In seiner Wohnung, die er mit seinem ehemaligen Studienfreund Steve teilte, gingen seine Gedanken zum Jahr 1957 zurück. Von weit her, hörte er ihre Stimme. Sie schien ihn zu rufen, ihn festhalten zu wollen, auch heute noch: „Jeremy!“
Sie legte ihren Kopf in die Armbeuge und betrachtete sein Profil. Sein schon jetzt markantes Kinn, seine braunen Augen, die noch milchig weiße Haut, den mädchenhaften Mund und schämte sich ein wenig über ihre Gefühle, die sie dem erst dreizehnjährigen Jungen entgegenbrachte. Er beugte sich zu ihr und betrachtete ihre Brüste. Sie ließ es geschehen. Sie rief seinen Namen, saß im Gras und wartete auf ihn. Er lief zu ihr, warf sich über sie und bedeckte ihr Gesicht mit sanften Küssen. Die beiden Teenager wälzten sich im Gras. Atemlos ließ er von ihr ab, lag am Rücken und betrachtete das intensive Blau des Himmels. Seufzend legte er sich auf sie. Glücklich, weil sie seine kindliche Liebe erwiderte, fuhr er durch ihr blondes Haar, welches einem blühenden Weizenfeld glich. Es war ein schöner Sommer - es sollte der schönste in seinem Leben sein.

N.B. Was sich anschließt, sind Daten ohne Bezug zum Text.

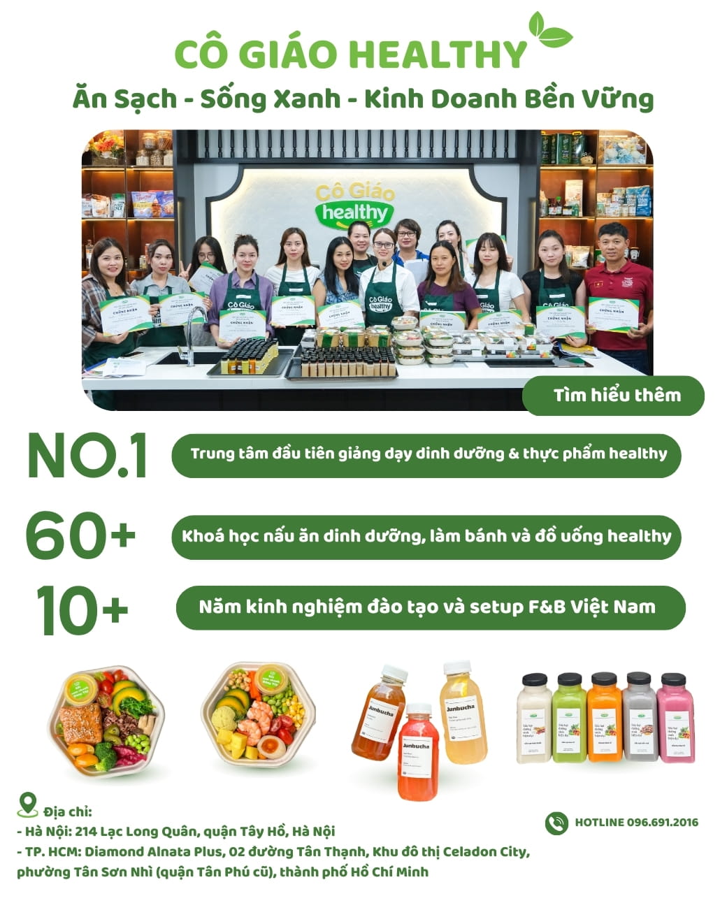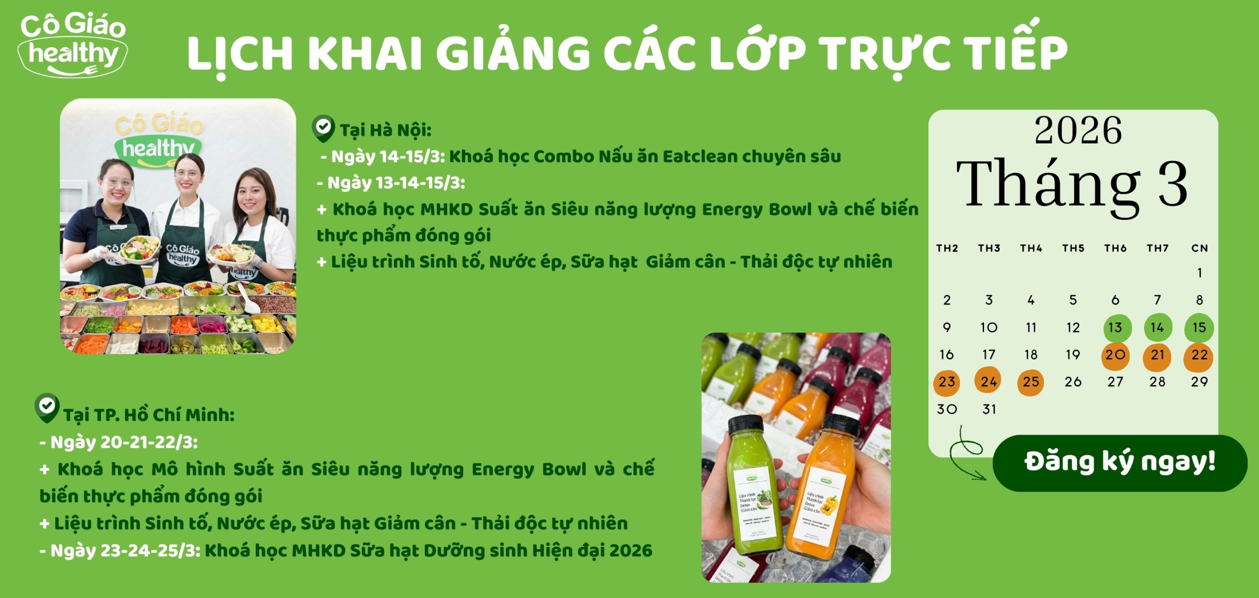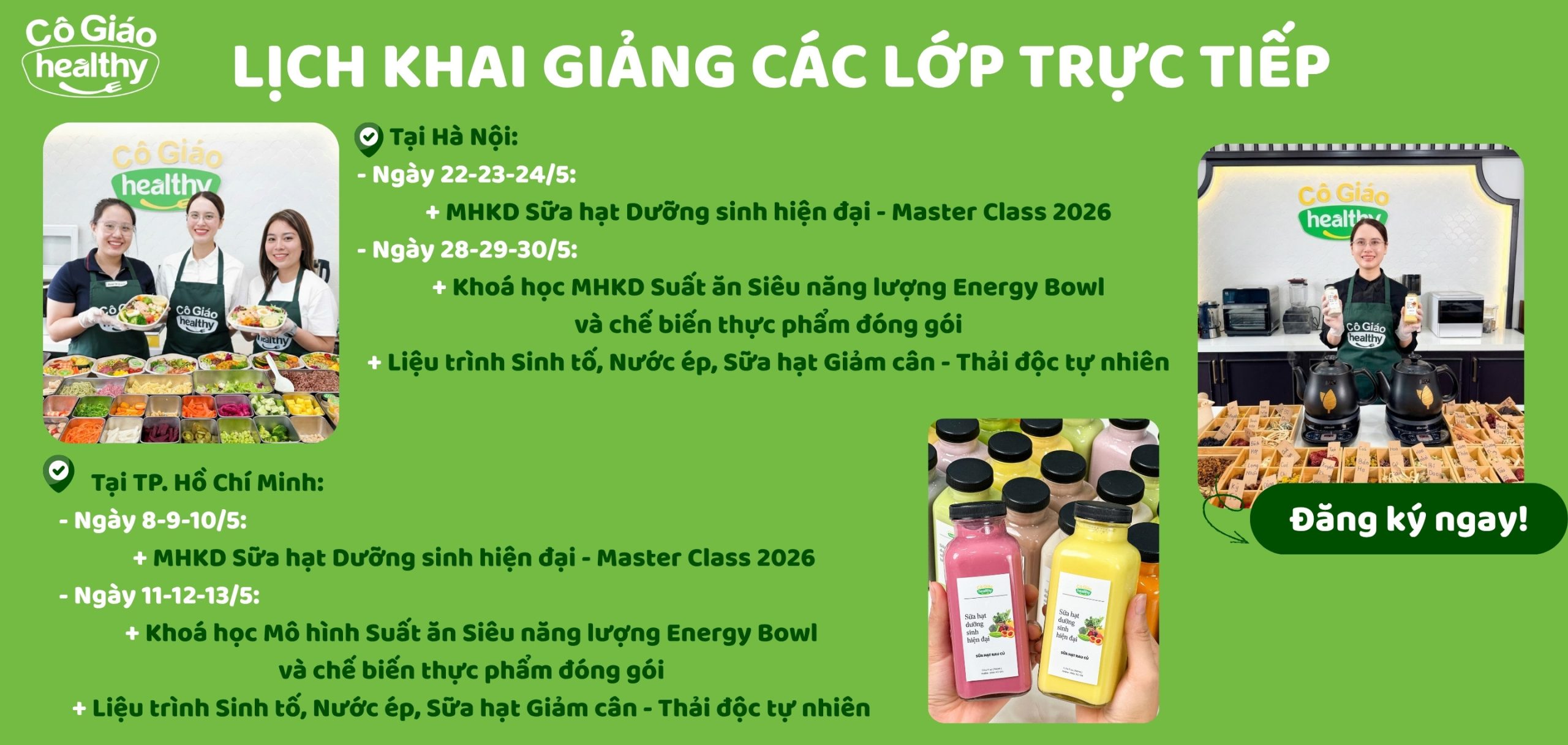 Các lớp học nấu ăn healthy với những công thức bổ dưỡng, dễ làm và đầy màu sắc.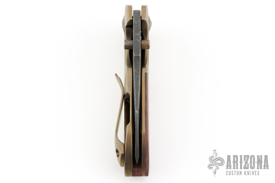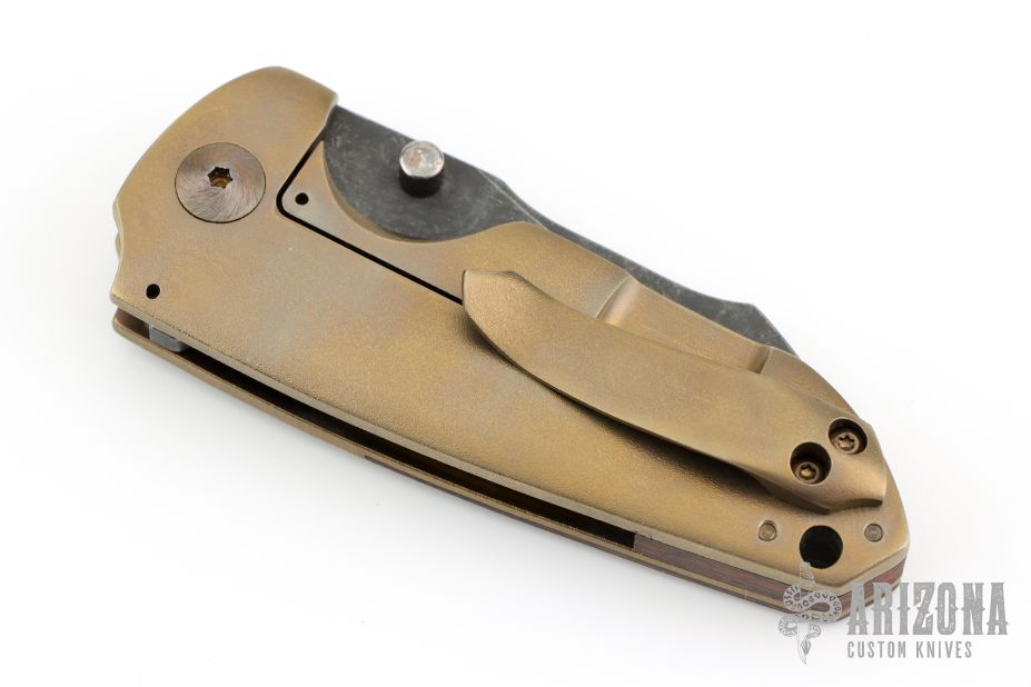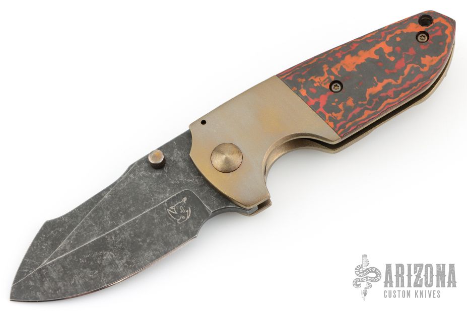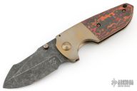 This Gent's Fatboy by Kirk Mayberry of KM Designs features an acid tumble finished blade with swedge and flipper. The handle has an anodized and orange peel finished titanium frame with Mars Valley Fat Carbon scales and backspacer, orange peel finished and anodized titanium tip up clip. Lanyard hole in pommel. Includes a zippered case. Excellent condition.

Er legte das Buch aus der Hand. Geschichten des Altertums stand auf dem dicken dunkelblauen Einband in goldenen feinen Lettern, das er mit penibler Sorgfalt, einem Heiligtum gleich, ins Regal zurückstellte.
Er senkte seine Lider und seine Gedanken schweiften wieder zurück. Mit der linken Hand umfasste er ihr Taschentuch.
„Fang mich, los doch!“ Noch ehe er sich erheben konnte, lief sie in den Schuppen. Er hastete ihr nach und in seinem jugendlichen Liebesrausch trat er fast die morsche Holztür ein. Sie beobachtete, wie er zögernd auf sie zukam. Sie liebte ihn so sehr, diesen Jungen, der noch ganz Kind und doch schon so erwachsen war. Er sollte endlich für immer ihr gehören, für immer, dachte sie und versank in seinen Armen. Seine Haut roch süß, sein Haar nach Puder, sein Körperbau war zart und feingliedrig, eben der Körper eines Dreizehnjährigen. Sie drückte ihn an sich. Die Sechzehnjährige war zu sehr von ihm berauscht, als dass sie Schuld empfinden konnte, zu sehr verliebt in ein Kind. Für ihn war diese harmlose Umarmung mehr Schmerz, als Lust, als ob seine Seele das Unglück nahen sah und versuchen würde diesen Moment mit einer festen Umklammerung für immer festhalten zu können. Sanft musste sie ihn wegstoßen.....
Der Glockenschlag der Kirchenuhr riss ihn aus dem Halbschlaf. Es war dreiundzwanzig Uhr.
Mit schwerer Brust legte er ihr Taschentuch aus der Hand, zog seinen Schlafmantel aus und legte sich ins Bett. Sie wäre in diesem Jahr achtundvierzig Jahre alt geworden. Was sind heute drei Jahre gegen damals, dachte er und versank in wirren Träumen.